--- START ---

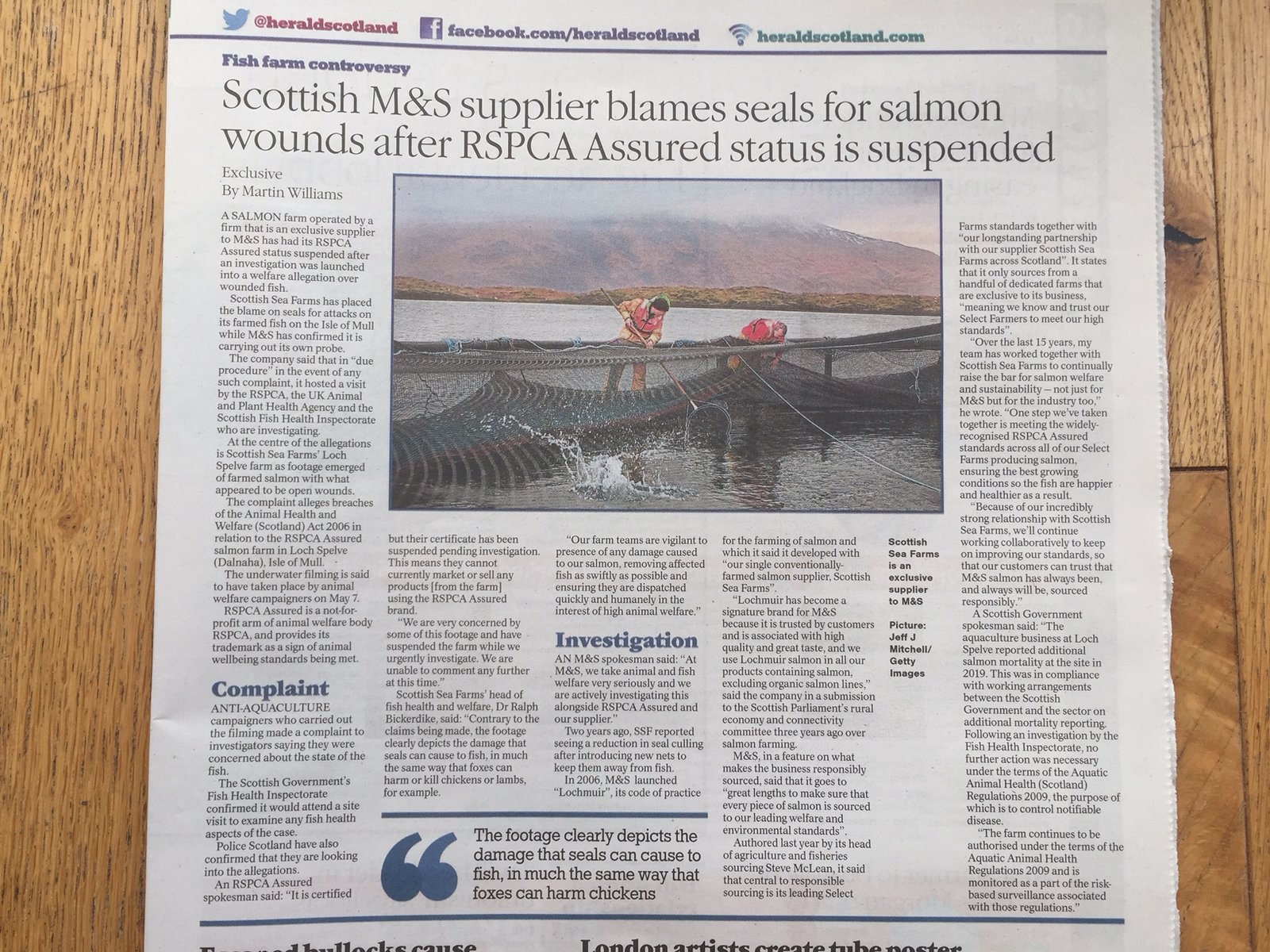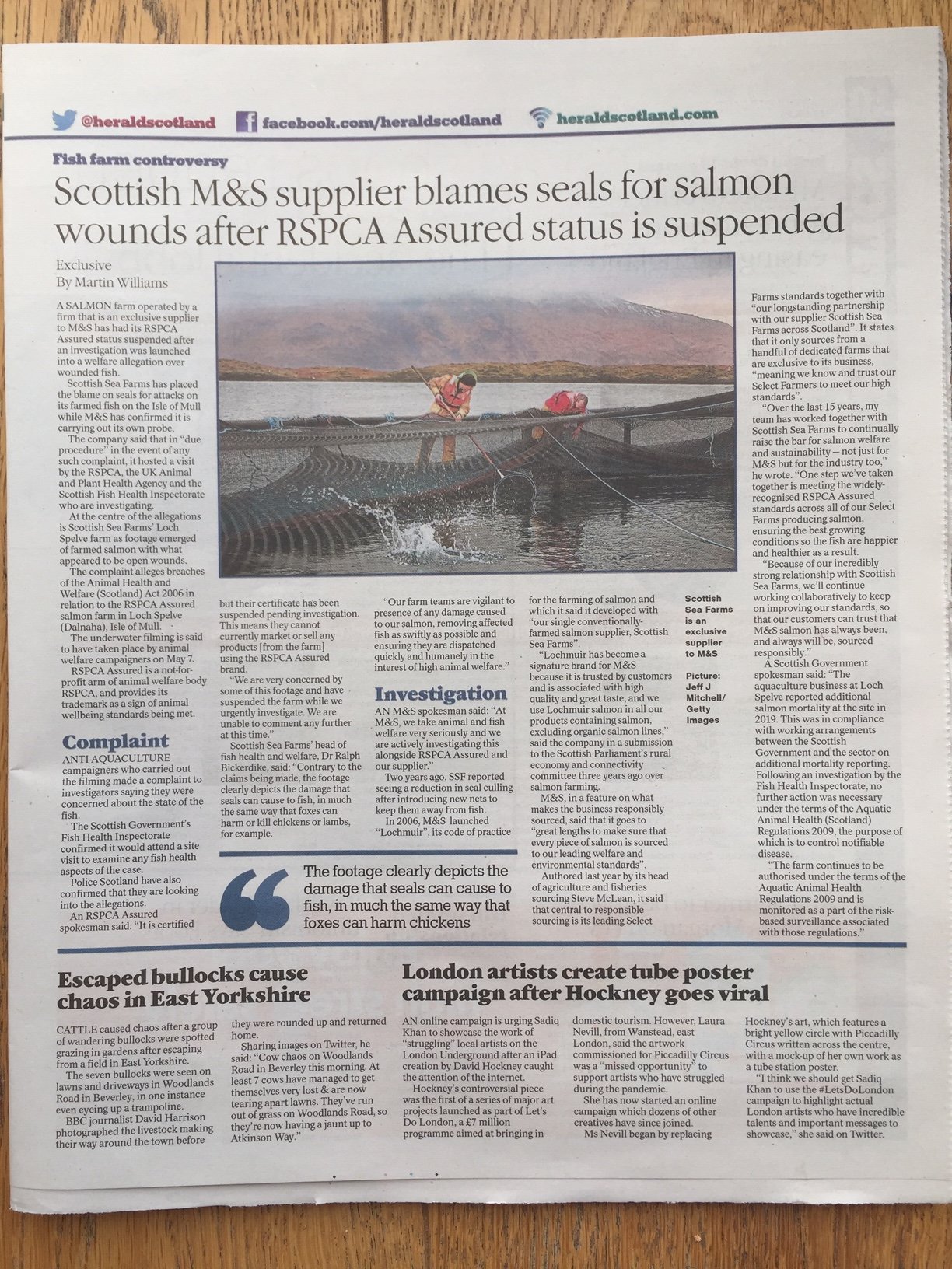 Herald On Sunday: "Scottish M&S supplier blames seals for salmon wounds as RSPCA Assured status is suspended" @Martin1Williams @heraldscotland @rspcaassured @scotseafarms @SSPCA_Kirsteen @SSPCA_Mike @LeroySeafood @marksandspencer @LucyWeather @XantheClay https://t.co/rXwpLUsB8G pic.twitter.com/LMHhUPlKuM
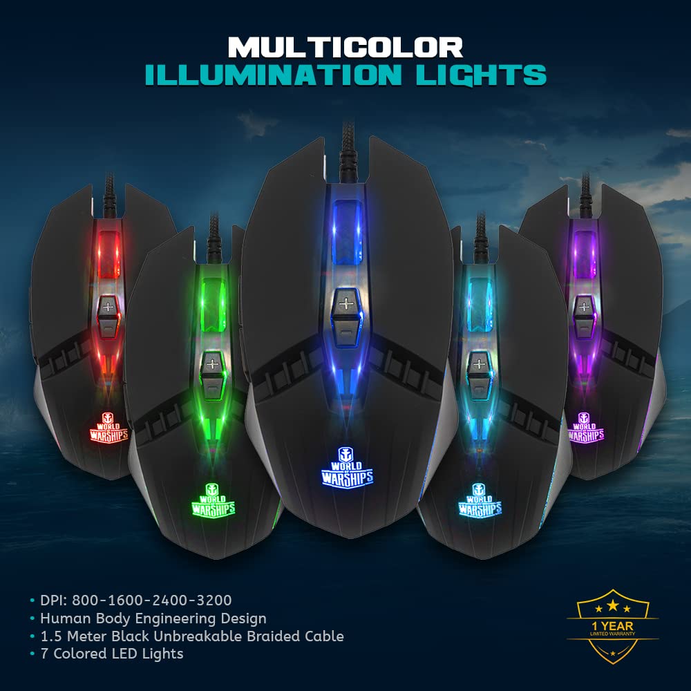 Ant Esports KM500W Gaming Keyboard and Mouse Combo, LED Wired, Ergonomic & Wrist Rest, Programmable, PC/Laptop/Mac – World of Warships Edition – Black
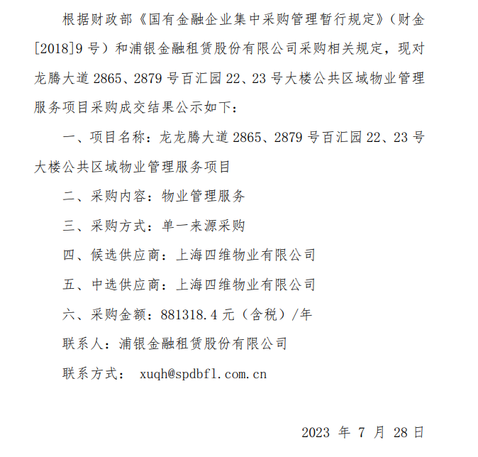 浦银金租公共区域物业管理服务项目采购成交结果 公告

--- END ---

Once the pictures are set aside, restate the remaining data above exactly.

 Herald On Sunday: "Scottish M&S supplier blames seals for salmon wounds as RSPCA Assured status is suspended" @Martin1Williams @heraldscotland @rspcaassured @scotseafarms @SSPCA_Kirsteen @SSPCA_Mike @LeroySeafood @marksandspencer @LucyWeather @XantheClay https://t.co/rXwpLUsB8G pic.twitter.com/LMHhUPlKuM
 Ant Esports KM500W Gaming Keyboard and Mouse Combo, LED Wired, Ergonomic & Wrist Rest, Programmable, PC/Laptop/Mac – World of Warships Edition – Black
 浦银金租公共区域物业管理服务项目采购成交结果 公告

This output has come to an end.